START Data provided
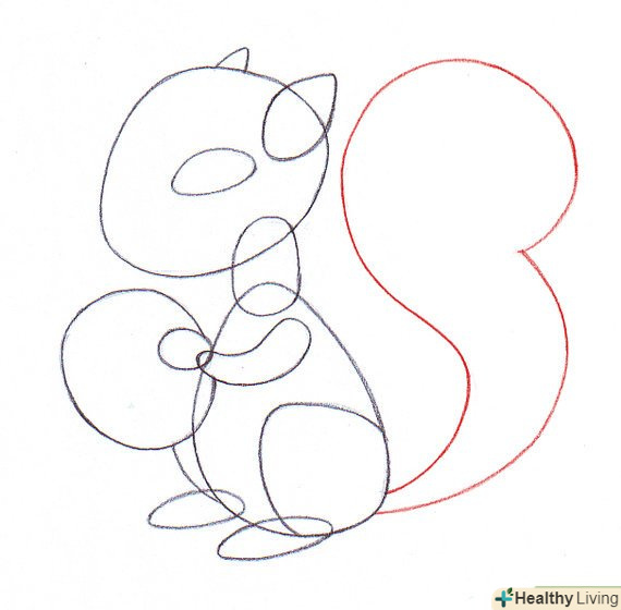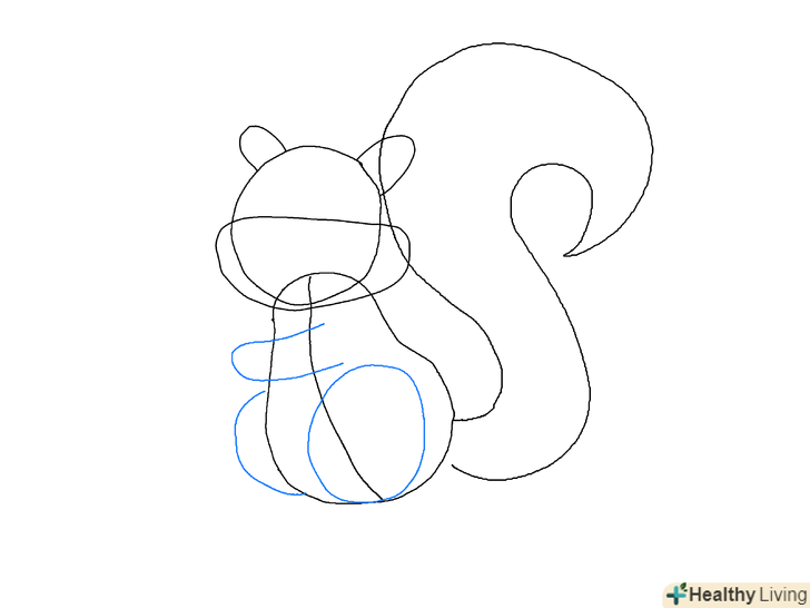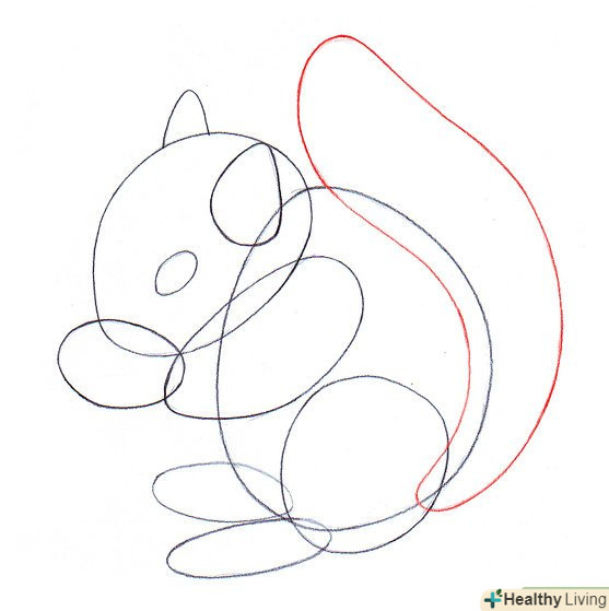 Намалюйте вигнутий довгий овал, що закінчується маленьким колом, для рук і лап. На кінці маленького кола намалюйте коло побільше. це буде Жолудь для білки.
END Data provided
START Data provided
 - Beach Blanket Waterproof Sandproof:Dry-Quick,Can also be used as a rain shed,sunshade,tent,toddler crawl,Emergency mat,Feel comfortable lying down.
END Data provided
START Data provided
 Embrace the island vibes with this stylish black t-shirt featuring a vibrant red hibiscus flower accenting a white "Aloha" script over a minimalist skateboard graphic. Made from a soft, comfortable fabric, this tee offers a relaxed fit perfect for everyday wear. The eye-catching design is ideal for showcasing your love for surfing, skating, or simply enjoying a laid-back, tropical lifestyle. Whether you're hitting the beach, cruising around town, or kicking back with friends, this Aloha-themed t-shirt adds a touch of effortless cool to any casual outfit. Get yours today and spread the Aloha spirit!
END Data provided
*Instructions for the task*. Where a line above holds the string "comfortable", copy that line.

*Response box*.
 - Beach Blanket Waterproof Sandproof:Dry-Quick,Can also be used as a rain shed,sunshade,tent,toddler crawl,Emergency mat,Feel comfortable lying down.
 Embrace the island vibes with this stylish black t-shirt featuring a vibrant red hibiscus flower accenting a white "Aloha" script over a minimalist skateboard graphic. Made from a soft, comfortable fabric, this tee offers a relaxed fit perfect for everyday wear. The eye-catching design is ideal for showcasing your love for surfing, skating, or simply enjoying a laid-back, tropical lifestyle. Whether you're hitting the beach, cruising around town, or kicking back with friends, this Aloha-themed t-shirt adds a touch of effortless cool to any casual outfit. Get yours today and spread the Aloha spirit!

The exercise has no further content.